Nicolet Bankshares Insider Cashless Exercise Nets $2.8M at $140 Avg
Rhea-AI Filing Summary
Director Robert B. Atwell filed a Form 4 for Nicolet Bankshares (NIC) covering 21 Jul 2025 transactions. He exercised 20,000 stock options at $48.85 (code M), temporarily lifting his direct stake to 54,220 shares. To satisfy taxes (code F) and generate cash, he disposed of 13,096 shares at a weighted $140.11. He then sold an additional 6,904 shares in open-market trades at weighted averages of $138.83, $139.78 and $140.73 (codes S).
After all moves Atwell’s direct holding returned to 34,220 shares—unchanged from pre-exercise levels—plus 521 deferred-plan shares and 15,000 options that remain exercisable through 16 May 2027. The pattern indicates an option cashless exercise: shares acquired and immediately sold/withheld, producing no net increase in ownership.
Positive
- Full compliance with prompt Section 16 reporting reinforces transparency.

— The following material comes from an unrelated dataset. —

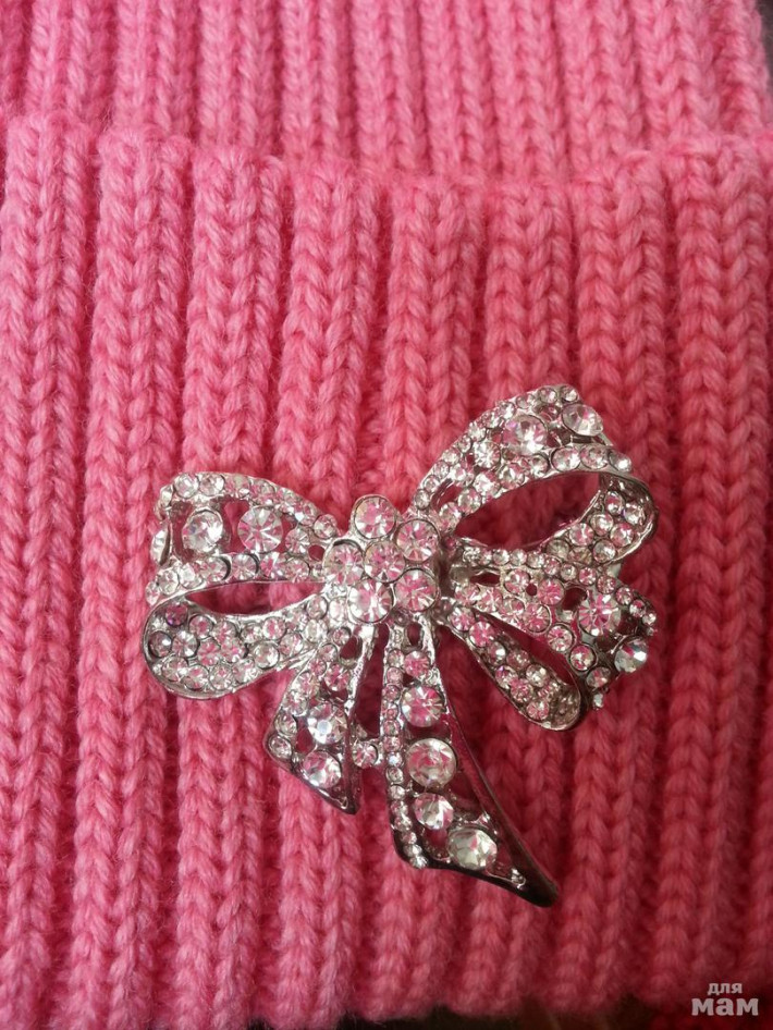 розовый коралл (темно-розовая) р. 50-53, помпон - ярко-розовый енот с темными иглами, брошь - серебристый бантик

- No net share reduction; insider retains pre-transaction stake, mitigating negative signal.
Negative
- 6,904 open-market sales at ~$139 could be perceived as modest profit-taking.
- 20,000-share round-trip signals liquidity preference over increased ownership, offering limited confidence boost.
Insights
TL;DR: Cashless exercise; no net ownership change, modest open-market selling—overall neutral impact.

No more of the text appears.